Malgré tout, d'autres chantiers d'EPR aboutissent en Chine et en Finlande, également avec plusieurs années de retard. Pour autant, l'achèvement de ces travaux ne signe pas la fin des difficultés. L'EPR chinois Taishan 1, par exemple, connaît un premier arrêt en 2021 en raison d'une augmentation de concentration de gaz rares, puis en 2023 à cause d'un phénomène de corrosion.

 

Le premier EPR et dernier en France

À Flamanville, si le chargement des combustibles nucléaires est imminent, il faudra attendre encore plusieurs mois pour que le réacteur soit effectivement raccordé au réseau normand. Ce couplage, prévu au cours de l'été 2024, n'aura lieu qu'à partir du moment où le réacteur aura atteint le quart de sa pleine puissance, après une montée progressive par paliers. Le niveau maximum de production, lui, n'est pas attendu avant la fin de l'année.

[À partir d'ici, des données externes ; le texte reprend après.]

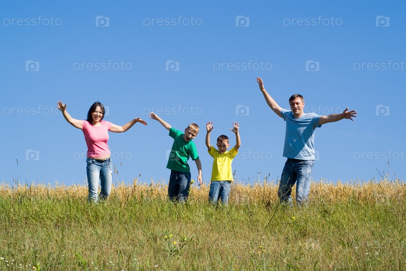 Портрет счастливой семьи из четырех человек на природе
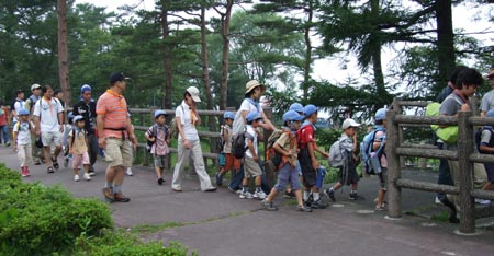これが山中湖↑3日目の朝ハイキング。晴れているがかすんで富士山は見えず。残念。ベンチャーのお兄さんが監視員
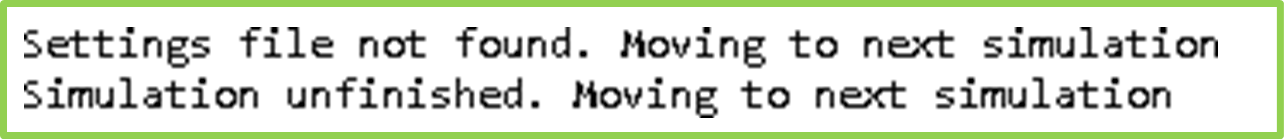 Only complete simulations with corresponding settings files will be post-processed. Otherwise the script will produce error messages as shown in Figure 5 and move to the next simulation in the folder tree.Note: All simulation files must have unique folder names and simulation names. If the simulation names are identical, the results report will be overwritten.Figure 5. Possible error messages

Une chose est sûre, l'EPR de Flamanville sera le premier, mais aussi le dernier EPR construit sur le sol tricolore. Les futurs réacteurs voulus par Emmanuel Macron seront des EPR 2, au design amélioré. « Ils feront partie de la grande famille des EPR, mais ce ne seront pas des jumeaux de celui de Flamanville. Ce seront plutôt des cousins », affirme Gabriel Oblin, directeur du projet EPR2 au sein d'EDF, l'homme qui a la lourde tâche de ne pas répéter ce magistral fiasco industriel. ■

 

 

Une saga interminable en dix dates

1992 - Naissance de NPI, l'entreprise commune entre le français Framatome (qui deviendra Areva) et l'allemand Siemens, qui porte le projet d'un réacteur à eau pressurisée européen, l'EPR.

2004 - Jean-Pierre Raffarin, alors Premier ministre, autorise la construction d'un EPR en France après le refus de Lionel Jospin en 1999.

2007Début du chantier de Flamanville (Manche). Son coût est estimé à 3,3 milliards d'euros et sa fin est prévue en 2012.

2008 Premiers problèmes au niveau de la dalle de béton. Le coût est réévalué à 4 milliards d'euros. Quelques mois plus tard, l'allemand Siemens se désengage de l'entreprise commune.

2011 - Le démarrage est repoussé à 2016 après deux accidents mortels sur le chantier et d'aléas divers. EDF doit aussi intégrer les dispositifs de sûreté post-Fukushima. Son coût est réévalué à 6 milliards d'euros.

2015 Alerte du gendarme du nucléaire sur une anomalie sérieuse de la cuve du réacteur. La fin du chantier est désormais prévue en 2018.

2018 - EDF avale la branche réacteurs nucléaires d'Areva. L'électricien doit reprendre 53 soudures. La fin du chantier est prévue en 2020, son coût est réévalué à 11 milliards d'euros.

2019 Nouveau dérapage de 1,5 milliard d'euros dû aux travaux à effectuer sur les soudures. Le démarrage est reporté à 2023.

2022 Mise en service décalée au 1er trimestre 2024. L'énergéticien estime le coût total à 13,2 milliards d'euros.

2024 Démarrage de l'EPR attendu en mai.